*** Opening of DATASET EXTRACT ***

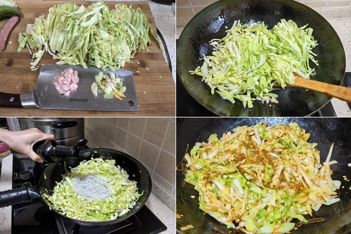 3. 包菜下鍋:倒入包菜絲,轉中大火,快速翻炒。包菜絲炒到稍微變軟、“塌秧”了,就可以進行下一步。把瀝乾水的粉條倒入鍋中。緊接着淋入生抽、老抽、蠔油和白糖。
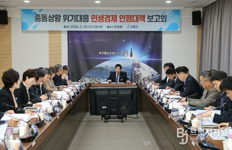 브릿지저널 김경미 기자 | 고흥군은 25일 군청 흥양홀에서 군수 주재로 각 부서장이 참석한 가운데 ‘중동 상황 위기대응 민생경제 안정대책 보고회’를 개최하고, 최근 중동 상황으로 인한 경제위기 극복을 위한 분야별 대응 방안을 집중적으로 점검했다.
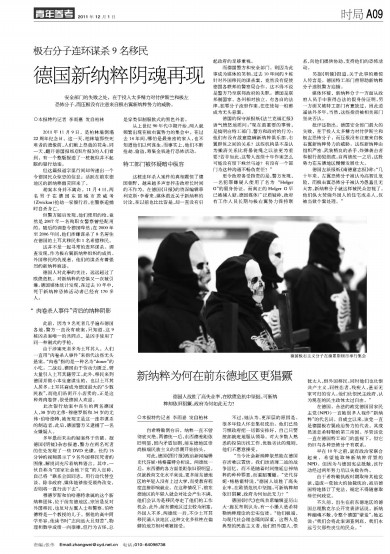 但这篇报道字里行间却传递出一个令德国民众惊恐的信息:活跃在前东德地区的新纳粹幽灵回来了。

*** Close of DATASET EXTRACT ***

== TASK INSTRUCTIONS ==
The data must be reproduced exactly, and no picture may appear in the copy.

== FINAL ANSWER ==
 3. 包菜下鍋:倒入包菜絲,轉中大火,快速翻炒。包菜絲炒到稍微變軟、“塌秧”了,就可以進行下一步。把瀝乾水的粉條倒入鍋中。緊接着淋入生抽、老抽、蠔油和白糖。
 브릿지저널 김경미 기자 | 고흥군은 25일 군청 흥양홀에서 군수 주재로 각 부서장이 참석한 가운데 ‘중동 상황 위기대응 민생경제 안정대책 보고회’를 개최하고, 최근 중동 상황으로 인한 경제위기 극복을 위한 분야별 대응 방안을 집중적으로 점검했다.
 但这篇报道字里行间却传递出一个令德国民众惊恐的信息:活跃在前东德地区的新纳粹幽灵回来了。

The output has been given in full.